%%

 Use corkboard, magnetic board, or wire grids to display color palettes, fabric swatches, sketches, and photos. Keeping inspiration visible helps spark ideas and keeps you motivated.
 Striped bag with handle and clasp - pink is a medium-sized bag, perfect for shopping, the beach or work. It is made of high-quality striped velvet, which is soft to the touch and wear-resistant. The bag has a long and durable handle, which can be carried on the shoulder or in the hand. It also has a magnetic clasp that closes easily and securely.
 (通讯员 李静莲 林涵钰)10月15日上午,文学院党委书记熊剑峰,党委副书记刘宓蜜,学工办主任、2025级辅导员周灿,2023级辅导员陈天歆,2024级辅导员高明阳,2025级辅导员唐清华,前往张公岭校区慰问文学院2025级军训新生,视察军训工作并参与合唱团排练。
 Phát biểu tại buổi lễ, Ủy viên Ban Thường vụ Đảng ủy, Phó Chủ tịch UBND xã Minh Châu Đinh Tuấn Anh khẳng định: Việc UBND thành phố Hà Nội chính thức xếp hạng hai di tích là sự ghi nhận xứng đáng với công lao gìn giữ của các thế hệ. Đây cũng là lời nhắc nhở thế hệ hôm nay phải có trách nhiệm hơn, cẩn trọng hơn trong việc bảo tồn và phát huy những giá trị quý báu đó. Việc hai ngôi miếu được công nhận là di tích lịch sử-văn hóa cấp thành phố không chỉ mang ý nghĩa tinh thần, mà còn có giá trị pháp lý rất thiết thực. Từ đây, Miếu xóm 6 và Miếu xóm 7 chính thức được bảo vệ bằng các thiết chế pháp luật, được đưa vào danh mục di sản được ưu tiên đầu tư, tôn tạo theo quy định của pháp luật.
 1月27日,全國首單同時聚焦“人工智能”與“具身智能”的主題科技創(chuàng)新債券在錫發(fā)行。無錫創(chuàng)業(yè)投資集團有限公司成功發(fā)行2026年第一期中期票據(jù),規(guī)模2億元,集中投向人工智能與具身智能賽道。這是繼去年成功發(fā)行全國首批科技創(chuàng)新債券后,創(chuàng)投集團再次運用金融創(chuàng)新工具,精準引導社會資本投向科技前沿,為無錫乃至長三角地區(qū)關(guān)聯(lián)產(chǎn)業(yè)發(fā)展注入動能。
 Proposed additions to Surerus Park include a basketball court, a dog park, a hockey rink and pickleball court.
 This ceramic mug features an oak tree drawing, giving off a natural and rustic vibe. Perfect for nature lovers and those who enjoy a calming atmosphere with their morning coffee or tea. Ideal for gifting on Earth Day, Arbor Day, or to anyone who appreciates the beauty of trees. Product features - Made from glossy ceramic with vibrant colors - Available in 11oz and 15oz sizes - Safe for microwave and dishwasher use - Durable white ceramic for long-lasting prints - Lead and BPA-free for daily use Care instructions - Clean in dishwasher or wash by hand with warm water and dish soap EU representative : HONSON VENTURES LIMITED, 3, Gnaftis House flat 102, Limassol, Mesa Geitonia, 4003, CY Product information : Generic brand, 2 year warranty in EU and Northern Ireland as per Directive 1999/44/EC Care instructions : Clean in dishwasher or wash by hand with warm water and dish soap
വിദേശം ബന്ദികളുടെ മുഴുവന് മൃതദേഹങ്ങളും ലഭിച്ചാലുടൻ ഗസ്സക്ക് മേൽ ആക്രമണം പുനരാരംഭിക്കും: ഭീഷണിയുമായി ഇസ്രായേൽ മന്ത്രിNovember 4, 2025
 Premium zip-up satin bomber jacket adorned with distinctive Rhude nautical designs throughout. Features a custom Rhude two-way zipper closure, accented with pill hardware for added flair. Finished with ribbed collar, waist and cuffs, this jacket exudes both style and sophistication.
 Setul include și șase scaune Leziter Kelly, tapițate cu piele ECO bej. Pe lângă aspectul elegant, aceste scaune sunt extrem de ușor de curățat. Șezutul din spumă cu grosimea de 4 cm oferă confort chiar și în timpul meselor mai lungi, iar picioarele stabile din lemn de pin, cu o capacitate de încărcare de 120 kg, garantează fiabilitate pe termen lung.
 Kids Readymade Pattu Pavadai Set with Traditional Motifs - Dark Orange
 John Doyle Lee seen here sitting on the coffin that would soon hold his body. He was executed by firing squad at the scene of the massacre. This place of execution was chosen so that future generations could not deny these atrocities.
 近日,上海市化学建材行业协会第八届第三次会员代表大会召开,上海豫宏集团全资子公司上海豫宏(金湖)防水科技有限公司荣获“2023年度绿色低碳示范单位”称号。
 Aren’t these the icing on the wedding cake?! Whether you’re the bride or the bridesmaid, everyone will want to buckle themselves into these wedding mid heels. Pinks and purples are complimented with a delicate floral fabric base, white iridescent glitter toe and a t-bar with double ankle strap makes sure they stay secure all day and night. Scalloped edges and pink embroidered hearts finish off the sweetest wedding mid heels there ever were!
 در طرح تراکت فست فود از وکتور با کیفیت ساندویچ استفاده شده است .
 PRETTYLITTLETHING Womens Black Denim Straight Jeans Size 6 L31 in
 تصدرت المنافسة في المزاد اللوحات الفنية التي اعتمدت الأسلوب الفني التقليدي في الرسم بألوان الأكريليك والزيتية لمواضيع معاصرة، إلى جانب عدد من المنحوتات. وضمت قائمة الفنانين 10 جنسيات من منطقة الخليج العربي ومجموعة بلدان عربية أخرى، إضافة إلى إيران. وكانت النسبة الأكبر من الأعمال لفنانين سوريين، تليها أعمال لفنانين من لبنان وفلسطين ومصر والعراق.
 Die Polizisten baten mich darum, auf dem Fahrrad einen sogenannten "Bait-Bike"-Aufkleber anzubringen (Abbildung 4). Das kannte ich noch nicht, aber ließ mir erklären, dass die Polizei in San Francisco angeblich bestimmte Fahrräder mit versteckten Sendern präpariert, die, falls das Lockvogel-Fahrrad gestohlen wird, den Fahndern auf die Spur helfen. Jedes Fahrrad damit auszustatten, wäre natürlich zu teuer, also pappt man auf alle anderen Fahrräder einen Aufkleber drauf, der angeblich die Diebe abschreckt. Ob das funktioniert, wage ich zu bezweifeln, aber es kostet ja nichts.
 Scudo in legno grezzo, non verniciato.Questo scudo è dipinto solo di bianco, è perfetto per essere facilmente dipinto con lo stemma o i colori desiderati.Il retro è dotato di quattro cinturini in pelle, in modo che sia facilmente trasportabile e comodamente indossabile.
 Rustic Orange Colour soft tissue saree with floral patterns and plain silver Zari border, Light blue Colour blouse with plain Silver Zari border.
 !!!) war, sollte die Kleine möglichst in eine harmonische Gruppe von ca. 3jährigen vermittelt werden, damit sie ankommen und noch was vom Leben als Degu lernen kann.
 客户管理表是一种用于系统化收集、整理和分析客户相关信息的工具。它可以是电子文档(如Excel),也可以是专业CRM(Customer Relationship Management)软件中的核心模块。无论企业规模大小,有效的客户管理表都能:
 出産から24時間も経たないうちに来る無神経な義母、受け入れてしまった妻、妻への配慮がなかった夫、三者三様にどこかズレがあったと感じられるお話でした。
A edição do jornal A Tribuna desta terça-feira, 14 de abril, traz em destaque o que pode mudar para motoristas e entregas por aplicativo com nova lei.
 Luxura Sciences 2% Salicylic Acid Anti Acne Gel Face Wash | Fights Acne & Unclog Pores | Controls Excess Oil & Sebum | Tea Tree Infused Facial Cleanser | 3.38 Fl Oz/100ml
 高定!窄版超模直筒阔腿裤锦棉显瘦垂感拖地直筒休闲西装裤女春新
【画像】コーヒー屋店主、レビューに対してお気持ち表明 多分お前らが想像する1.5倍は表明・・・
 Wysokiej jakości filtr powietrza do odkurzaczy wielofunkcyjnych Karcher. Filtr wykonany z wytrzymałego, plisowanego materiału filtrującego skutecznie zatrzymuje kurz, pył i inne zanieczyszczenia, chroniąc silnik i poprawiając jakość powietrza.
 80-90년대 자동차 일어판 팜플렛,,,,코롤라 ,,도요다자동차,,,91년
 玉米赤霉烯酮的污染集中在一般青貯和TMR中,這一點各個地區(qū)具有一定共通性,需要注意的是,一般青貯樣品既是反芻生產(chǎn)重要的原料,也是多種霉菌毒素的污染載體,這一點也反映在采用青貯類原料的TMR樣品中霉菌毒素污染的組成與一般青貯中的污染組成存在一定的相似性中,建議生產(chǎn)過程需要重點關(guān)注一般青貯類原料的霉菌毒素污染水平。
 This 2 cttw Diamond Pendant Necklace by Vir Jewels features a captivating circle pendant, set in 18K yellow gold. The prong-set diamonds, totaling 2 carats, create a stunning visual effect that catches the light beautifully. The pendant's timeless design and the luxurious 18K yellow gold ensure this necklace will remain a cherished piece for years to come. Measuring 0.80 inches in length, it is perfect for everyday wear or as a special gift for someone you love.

%%

# YOUR ASSIGNMENT
Among the lines above, repeat exactly those from the line with "John Doyle Lee" to the line with "تصدرت المنافسة في", counting both ends.

# SOLUTION FOR THIS TASK
 John Doyle Lee seen here sitting on the coffin that would soon hold his body. He was executed by firing squad at the scene of the massacre. This place of execution was chosen so that future generations could not deny these atrocities.
 近日,上海市化学建材行业协会第八届第三次会员代表大会召开,上海豫宏集团全资子公司上海豫宏(金湖)防水科技有限公司荣获“2023年度绿色低碳示范单位”称号。
 Aren’t these the icing on the wedding cake?! Whether you’re the bride or the bridesmaid, everyone will want to buckle themselves into these wedding mid heels. Pinks and purples are complimented with a delicate floral fabric base, white iridescent glitter toe and a t-bar with double ankle strap makes sure they stay secure all day and night. Scalloped edges and pink embroidered hearts finish off the sweetest wedding mid heels there ever were!
 در طرح تراکت فست فود از وکتور با کیفیت ساندویچ استفاده شده است .
 PRETTYLITTLETHING Womens Black Denim Straight Jeans Size 6 L31 in
 تصدرت المنافسة في المزاد اللوحات الفنية التي اعتمدت الأسلوب الفني التقليدي في الرسم بألوان الأكريليك والزيتية لمواضيع معاصرة، إلى جانب عدد من المنحوتات. وضمت قائمة الفنانين 10 جنسيات من منطقة الخليج العربي ومجموعة بلدان عربية أخرى، إضافة إلى إيران. وكانت النسبة الأكبر من الأعمال لفنانين سوريين، تليها أعمال لفنانين من لبنان وفلسطين ومصر والعراق.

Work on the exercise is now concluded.